** Opening Given data block **

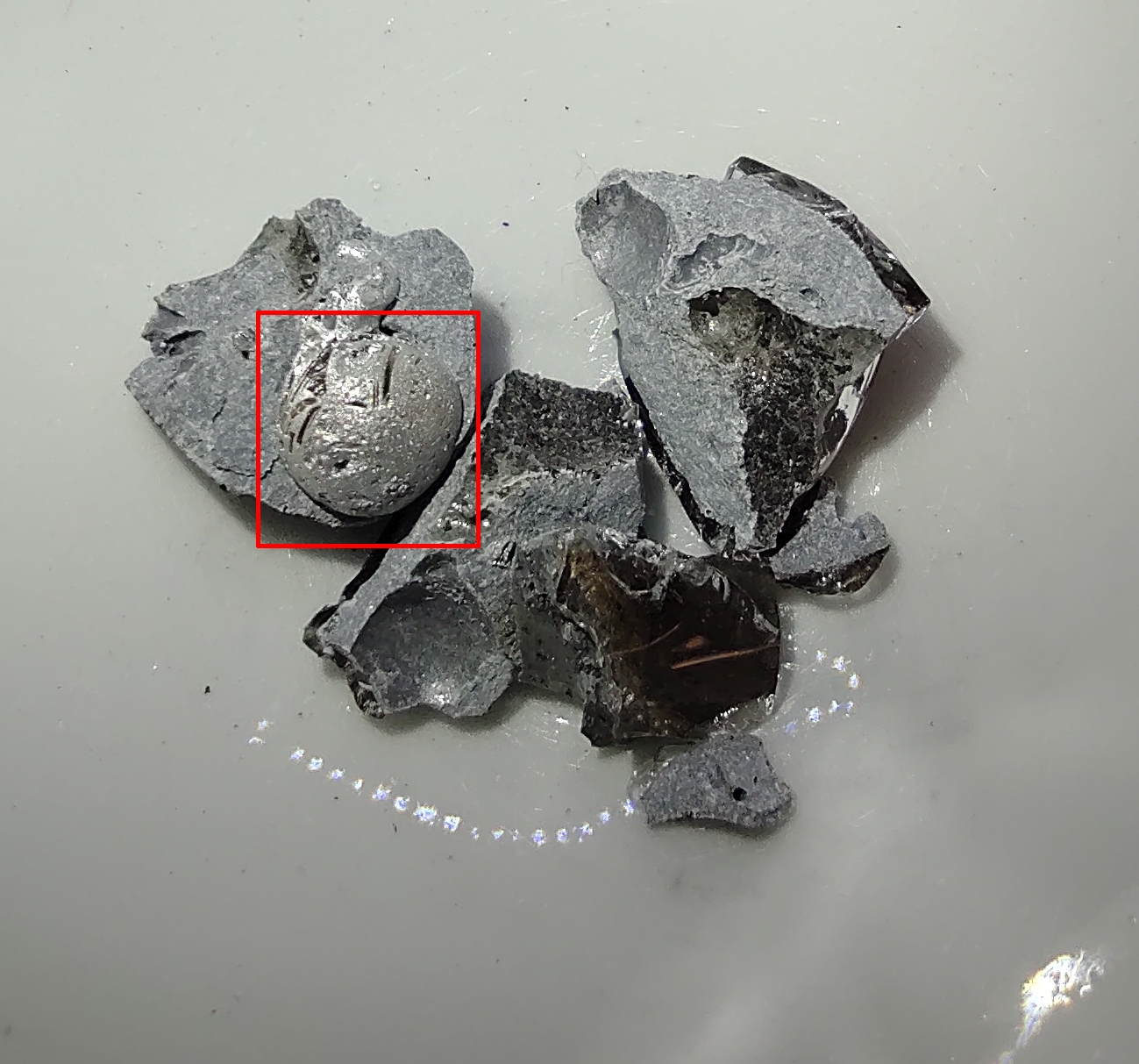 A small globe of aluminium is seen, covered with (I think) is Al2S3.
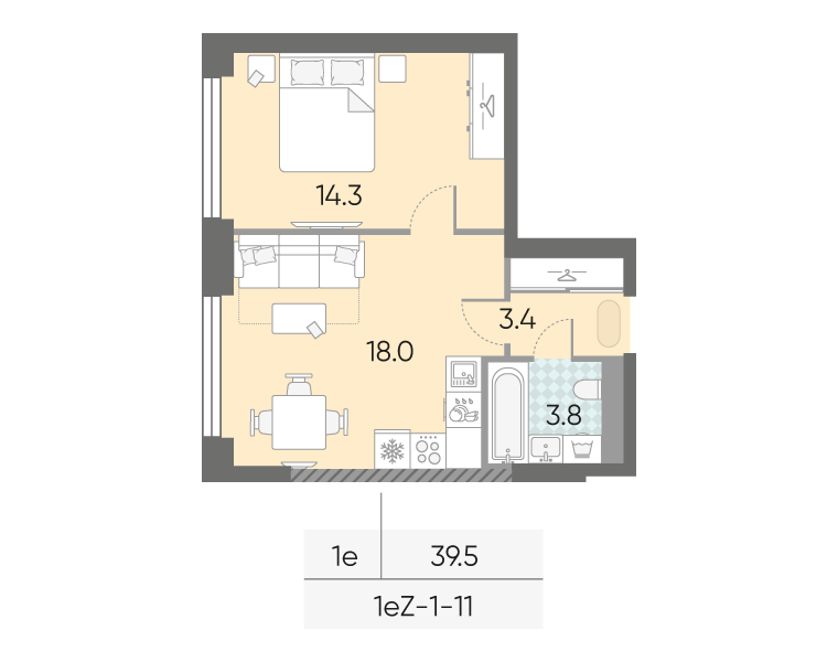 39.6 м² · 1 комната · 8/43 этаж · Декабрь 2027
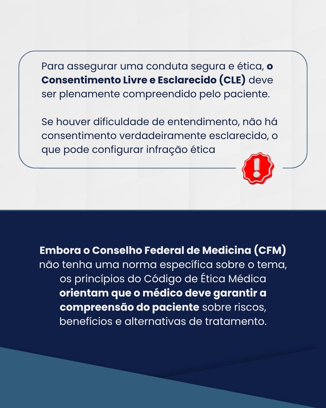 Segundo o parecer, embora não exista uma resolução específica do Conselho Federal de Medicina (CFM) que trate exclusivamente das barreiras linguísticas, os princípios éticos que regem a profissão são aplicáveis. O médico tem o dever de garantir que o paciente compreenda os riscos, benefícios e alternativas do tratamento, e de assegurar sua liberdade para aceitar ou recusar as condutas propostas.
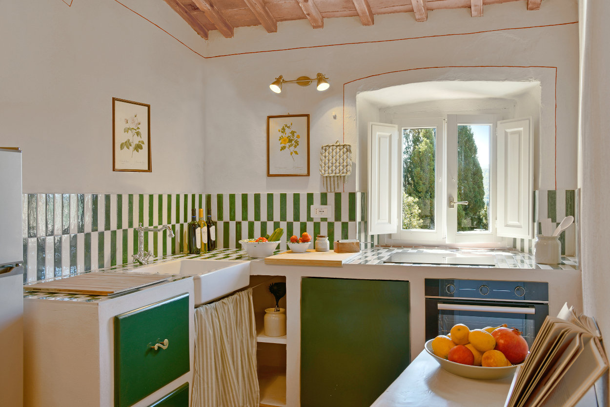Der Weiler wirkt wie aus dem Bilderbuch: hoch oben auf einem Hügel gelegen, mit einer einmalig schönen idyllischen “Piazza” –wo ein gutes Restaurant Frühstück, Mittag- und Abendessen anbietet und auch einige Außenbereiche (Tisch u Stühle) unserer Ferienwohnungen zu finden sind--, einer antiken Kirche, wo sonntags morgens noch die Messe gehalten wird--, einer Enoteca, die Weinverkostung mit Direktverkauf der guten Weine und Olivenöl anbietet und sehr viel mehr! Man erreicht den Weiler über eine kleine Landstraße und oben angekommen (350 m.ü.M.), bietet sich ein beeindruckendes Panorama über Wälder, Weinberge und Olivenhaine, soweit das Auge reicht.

** Closing Given data block **

▶ **Assignment**
Each line from the one with "Segundo o parecer, embora" to the last line of the listing should be returned exactly, both ends included, and no picture with them.

▶ **Solution below**
 Segundo o parecer, embora não exista uma resolução específica do Conselho Federal de Medicina (CFM) que trate exclusivamente das barreiras linguísticas, os princípios éticos que regem a profissão são aplicáveis. O médico tem o dever de garantir que o paciente compreenda os riscos, benefícios e alternativas do tratamento, e de assegurar sua liberdade para aceitar ou recusar as condutas propostas.
Der Weiler wirkt wie aus dem Bilderbuch: hoch oben auf einem Hügel gelegen, mit einer einmalig schönen idyllischen “Piazza” –wo ein gutes Restaurant Frühstück, Mittag- und Abendessen anbietet und auch einige Außenbereiche (Tisch u Stühle) unserer Ferienwohnungen zu finden sind--, einer antiken Kirche, wo sonntags morgens noch die Messe gehalten wird--, einer Enoteca, die Weinverkostung mit Direktverkauf der guten Weine und Olivenöl anbietet und sehr viel mehr! Man erreicht den Weiler über eine kleine Landstraße und oben angekommen (350 m.ü.M.), bietet sich ein beeindruckendes Panorama über Wälder, Weinberge und Olivenhaine, soweit das Auge reicht.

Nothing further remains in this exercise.